Currently, it runs in 2 modes, depending on the tensor shapes:

  • (A) for bigger tensors, if BLAS is available, x is dequantized to F32 and we use sgemm to perform the matrix multiplication
  • (B) for smaller tensors, or if BLAS is not available, y is quantized to 4-bits on-the-fly and we use integer-based dot products to perform the matrix multiplication

The former method is much more accurate than the latter. This can be clearly observed during perplexity computations.
However, during text generation (i.e. batch = 1), it is not feasible to use it - my experience is that there is significant overhead of calling BLAS for smaller tensor shapes, typical for single-token inference calls.

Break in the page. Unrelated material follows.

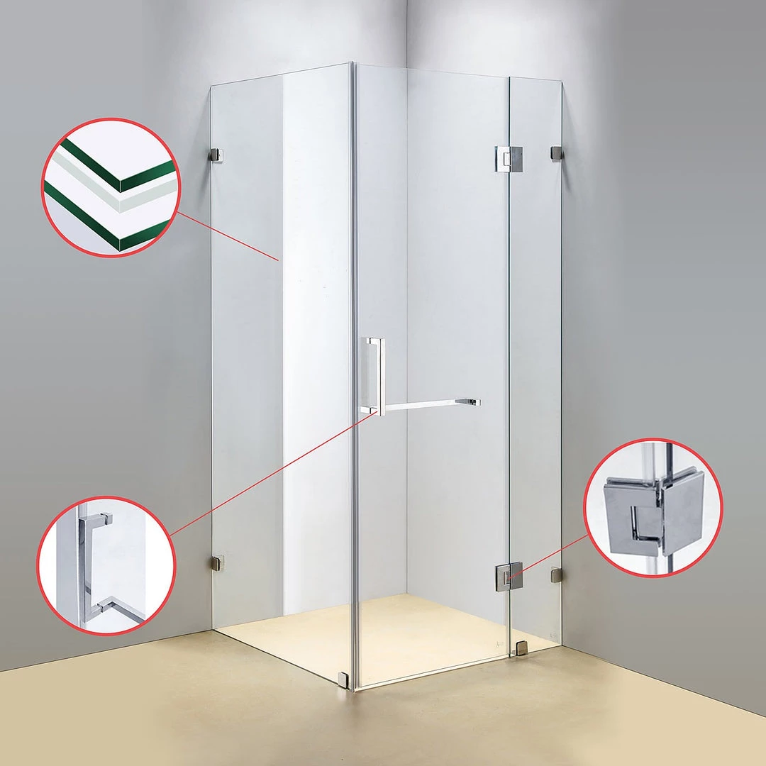 - Heavy duty hinges & brackets – Glass panels are secured by stainless steel brackets which are screwed into the walls and floor of your shower
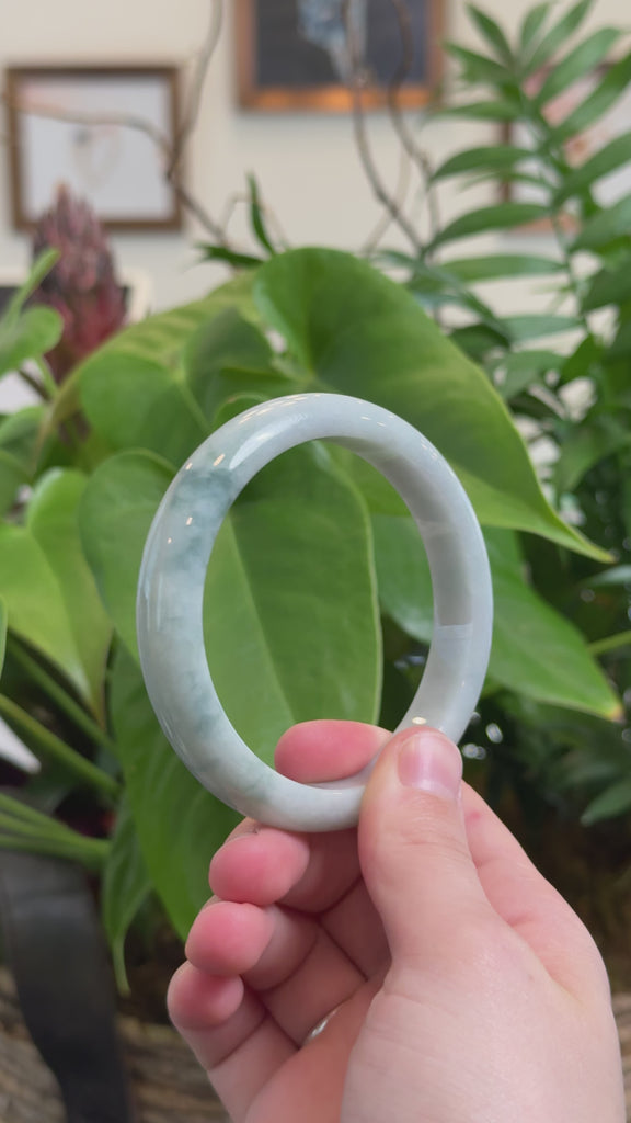 * DETAILS--- This Genuine Burmese Jadeite Jade Bangle Bracelet is crafted from high-quality green Jadeite jade. The fine, translucent texture is highlighted by patches of deeper blue-green hues, creating a unique and mesmerizing look. The stunning shades of blue-green make this bangle truly stand out. Its classic half-round style adds an elegant touch, making it a timeless piece for any collection. It's also a special gift for yourself or a loved one.

There are at least two alternative modes of operation that can be explored:

  • (C) for smaller tensors, or if BLAS is not available, x is dequantized to F32 and we use ggml_vec_dot_f32() to perform the multiplication
  • (D) for smaller tensors, or if BLAS is not available, x is dequantized to F16, y is converted to F16 and we use ggml_vec_dot_f16() to perform the multiplication
  • (E) for smaller tensors, or if BLAS is not available, y is quantized on-the-fly to 8-bits and we use a new ggml dot-product call that operates on 4-bit x and 8-bit y. This call will still unpack x into 8-bits as usual and perform the 8-bit dot-product as in the existing routines, but in contrast to (B), y will already be unpacked to 8-bits and the precision loss will be significantly slower

To me it is not immediately clear if (C) or (D) would be significantly slower compared to (B), but they should be much more accurate compared to (B) and probably as accurate as (A).

I think, one has to be careful and choose the respective mode based on the tensor shapes, trying to find a good balance between speed and accuracy. Ideally, I am hoping after this investigation that we will achieve noticeable perplexity gain without using BLAS at the cost of a slightly slower single-token (i.e. batch = 1) computation.

Edit: after the analysis and discussion in #896 I added a new mode (E) which I think is very important to be explored. Unless I am missing something, I believe this mode can be exactly as efficient as (B), but with significantly higher accuracy. Much higher than what can be achieved via improving the quantization RMS.
So I believe we have to investigate this with very high priority.